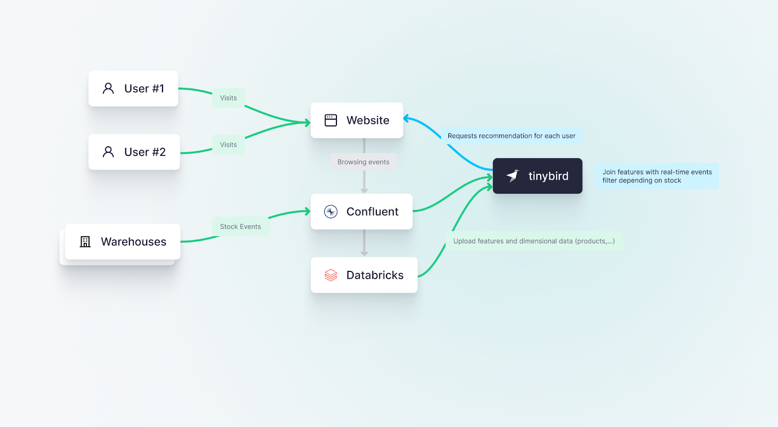 - Data Aggregation with Tinybird: User traffic data on the eCommerce website, including product views, cart activities, and completed sales, is captured into Confluent and forwarded to Tinybird for real-time aggregations. This data provides a live snapshot of customer behavior and interactions, serving as a rich source of information for various analytics and machine learning tasks.
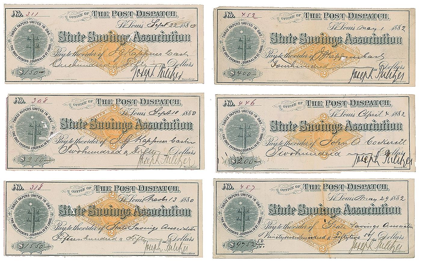 Collection of six Post-Dispatch business checks, each 8 x 3.25, filled out in another hand and signed by Pulitzer, dated between 1880 and 1882. In overall fine condition.
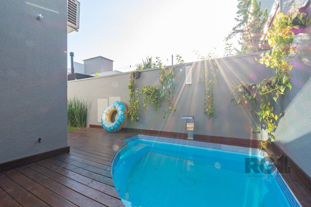 São 3 dormitórios, uma suíte, banheiro social, sala com dois ambientes, cozinha montada e com churrasqueira, pátio com piscina e duas vagas.
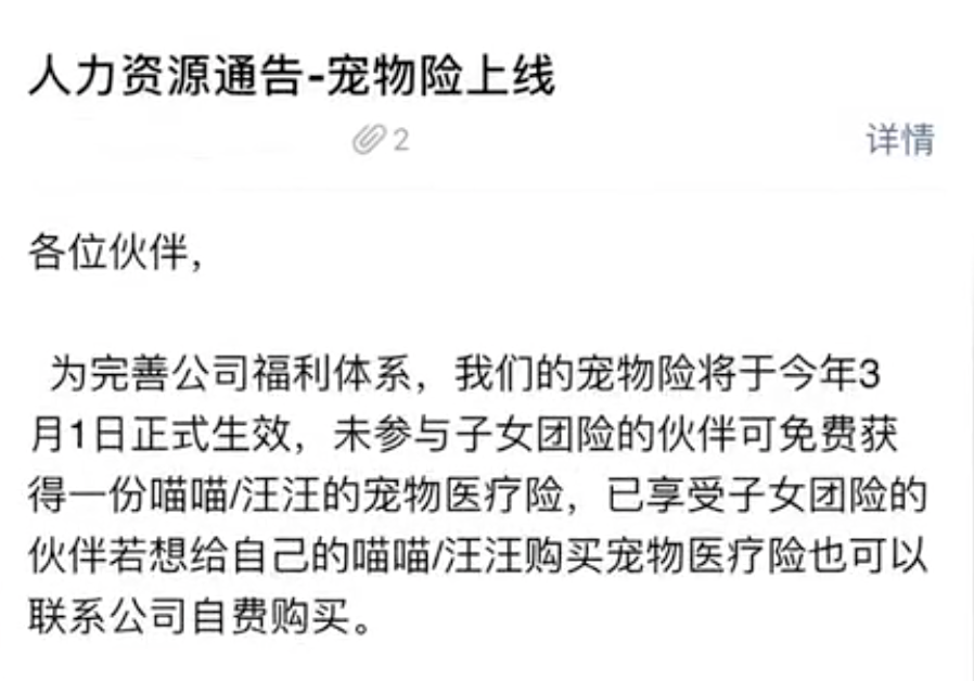 几天前,一家上海公司给所有员工宠物购买宠物险的新闻登上微博热搜,本着宠物也是家人的理念,开创了先例。
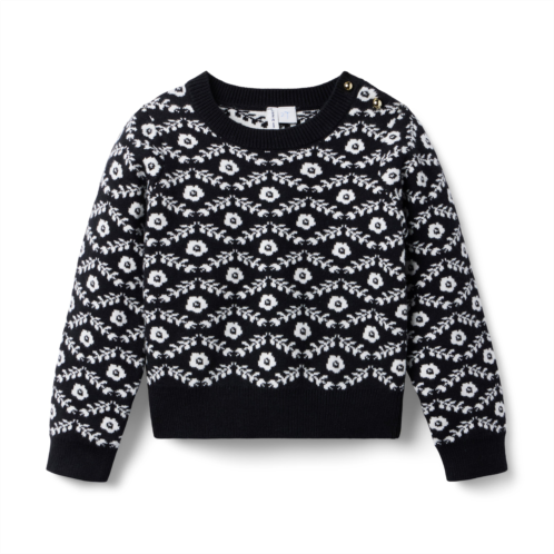 - A crafted and cozy sweater in soft jacquard. With allover florals, ribbed trim and gold-tone buttons at the shoulder.
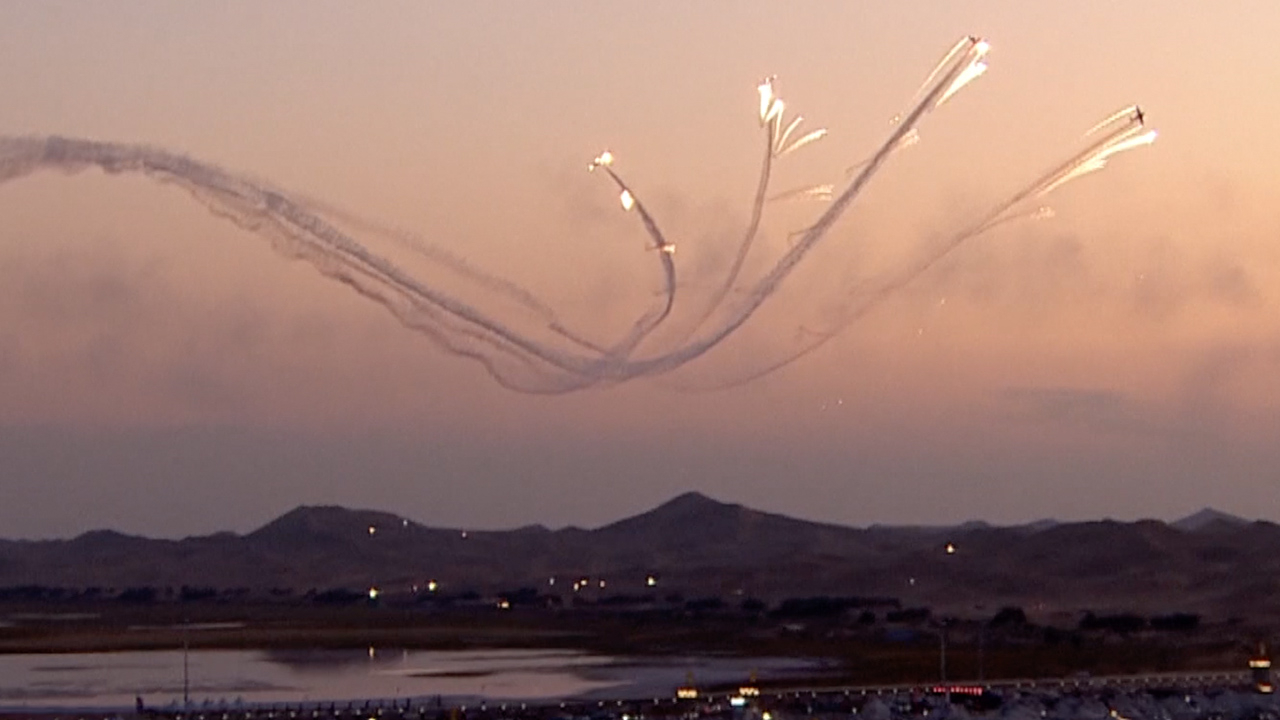 The finesse and fireworks of aerobatic teams graced the darkening sky in north China's Inner Mongolia Autonomous Region. The show was a part of the ongoing 2018 Alxa Aviation Festival, which attracted competitors from around the world.

### PROBLEM STATEMENT
Copy the listing verbatim, omitting images.

### RESULT
 - Data Aggregation with Tinybird: User traffic data on the eCommerce website, including product views, cart activities, and completed sales, is captured into Confluent and forwarded to Tinybird for real-time aggregations. This data provides a live snapshot of customer behavior and interactions, serving as a rich source of information for various analytics and machine learning tasks.
 Collection of six Post-Dispatch business checks, each 8 x 3.25, filled out in another hand and signed by Pulitzer, dated between 1880 and 1882. In overall fine condition.
 São 3 dormitórios, uma suíte, banheiro social, sala com dois ambientes, cozinha montada e com churrasqueira, pátio com piscina e duas vagas.
 几天前,一家上海公司给所有员工宠物购买宠物险的新闻登上微博热搜,本着宠物也是家人的理念,开创了先例。
 - A crafted and cozy sweater in soft jacquard. With allover florals, ribbed trim and gold-tone buttons at the shoulder.
 The finesse and fireworks of aerobatic teams graced the darkening sky in north China's Inner Mongolia Autonomous Region. The show was a part of the ongoing 2018 Alxa Aviation Festival, which attracted competitors from around the world.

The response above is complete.